Please use the answer provided by Paul Tomblin. (rewritten to use P, Q and n)
Y = ln(P^n) / ln(Q)
Y = n * ln(P) / ln(Q)
So Y (rounded up) is the number of characters you need in system Q to express the highest number you can encode in n characters in system P.
I have no answer (that wouldn't convert the number already and take up that many space in a temporary variable) to get the bare minimum for a given number 1000(bin) = 8(dec) while you would reserve 2 decimal positions using this formula.
If a temporary memory usage isn't a problem, you might cheat and use (Python):
len(str(int(otherBaseStr,P)))
This will give you the number of decimals needed to convert a number in base P, cast as a string (otherBaseStr), into decimals.
Old WRONG answer:
If you have a number in P numeral system of length n
Then you can calculate the highest number that is possible in n characters:
P^(n-1)
To express this highest number in number system Q you need to use logarithms (because they are the inverse to exponentiation):
log((P^(n-1))/log(Q)
(n-1)*log(P) / log(Q)
For example
11000000 in binary is 8 characters.
To get it in Decimal you would need:
(8-1)*log(2) / log(10) = 2.1 digits (round up to 3)
Reason it was wrong:
The highest number that is possible in n characters is
(P^n) - 1
not
P^(n-1)
If you have a number that's X digits long in base B, then the maximum value that can be represented is B^X - 1. So if you want to know how many digits it might take in base C, then you have to find the number Y that C^Y - 1 is at least as big as B^X - 1. The way to do that is to take the logarithm in base C of B^X-1. And since the logarithm (log) of a number in base C is the same as the natural log (ln) of that number divided by the natural log of C, that becomes:
Y = ln((B^X)-1) / ln(C) + 1
and since ln(B^X) is X * ln(B), and that's probably faster to calculate than ln(B^X-1) and close enough to the right answer, rewrite that as
Y = X * ln(B) / ln(C) + 1
Covert that to your favourite language. Because we dropped the "-1", we might end up with one digit more than you need in some cases. But even better, you can pre-calculate ln(B)/ln(C) and just multiply it by new "X"s and the length of the number you are trying to convert changes.
Calculating the number of digit can be done using the formulas given by the other answers, however, it might actually be faster to allocate a buffer of maximum size first and then return the relevant part of that buffer instead of calculating a logarithm.
Note that the worst case for the buffer size happens when you convert to binary, which gives you a buffer size of 32 characters for 32-bit integers.
Converting a number to an arbitrary base could be done using the C# function below (The code would look very similar in other languages like C or Java):
public static string IntToString(int value, char[] baseChars)
{
// 32 is the worst cast buffer size for base 2 and int.MaxValue
int i = 32;
char[] buffer = new char[i];
int targetBase= baseChars.Length;
do
{
buffer[--i] = baseChars[value % targetBase];
value = value / targetBase;
}
while (value > 0);
char[] result = new char[32 - i];
Array.Copy(buffer, i, result, 0, 32 - i);
return new string(result);
}
The keyword here is "logarithm", here are some suggestive links:
http://www.adug.org.au/MathsCorner/MathsCornerLogs2.htm
http://staff.spd.dcu.ie/johnbcos/download/Fermat%20material/Fermat_Record_Number/HOW_MANY.html
look at the logarithms base P and base Q. Round down to nearest integer.

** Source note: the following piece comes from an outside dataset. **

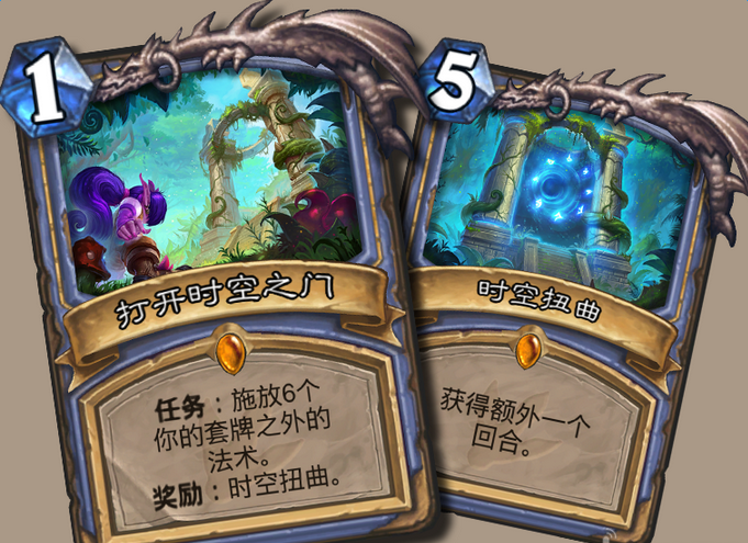 任务卡牌是《炉石传说》的全新卡牌类型。任务卡牌均为传说品质,因此每套卡组只能放入一张,并且它总会出现在你的初始手牌中。每个职业所拥有的任务卡牌都有独特的要求条件,你必须满足所有条件才能完成任务。完成任务将会带来意想不到的变化,比如法师的任务卡牌“打开时空之门”,以及完成后奖励的卡牌“时空扭曲”——它将使你获得额外一个回合,具体怎么玩还有待你去发现。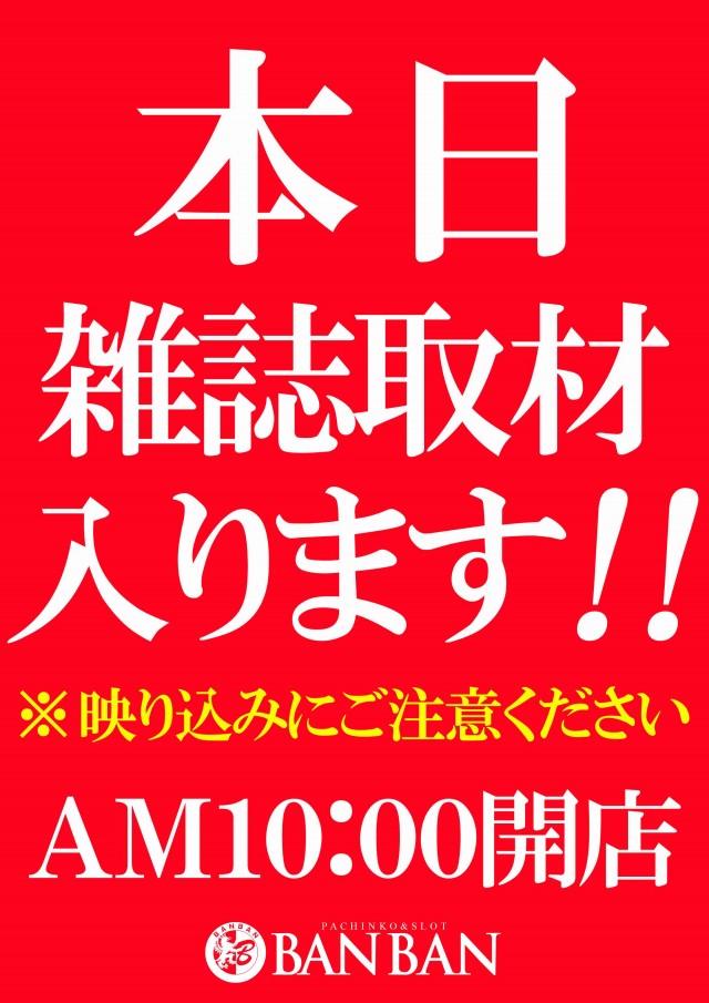 本日 パチスロ必勝本取材入ります♪

The logarithm base P can be computed using your favorite base (10 or e): log_P(x) = log_10(x)/log_10(P)
You need to compute the length of the fractional part separately.

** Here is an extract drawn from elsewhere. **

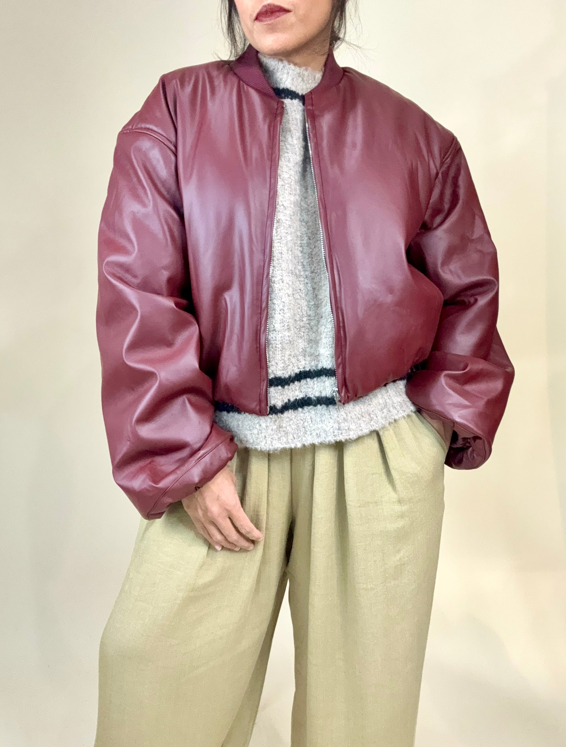 Burgundy color bomber jacket. Gorgeous to pair with anything this season!

For binary to decimal, there are as many decimal digits as there are bits. For example, binary 0.11001101001001 is decimal 0.80133056640625, both 14 digits after the radix point.
For decimal to binary, there are two cases. If the decimal fraction is dyadic, then there are as many bits as decimal digits (same as for binary to decimal above). If the fraction is not dyadic, then the number of bits is infinite.
(You can use my decimal/binary converter to experiment with this.)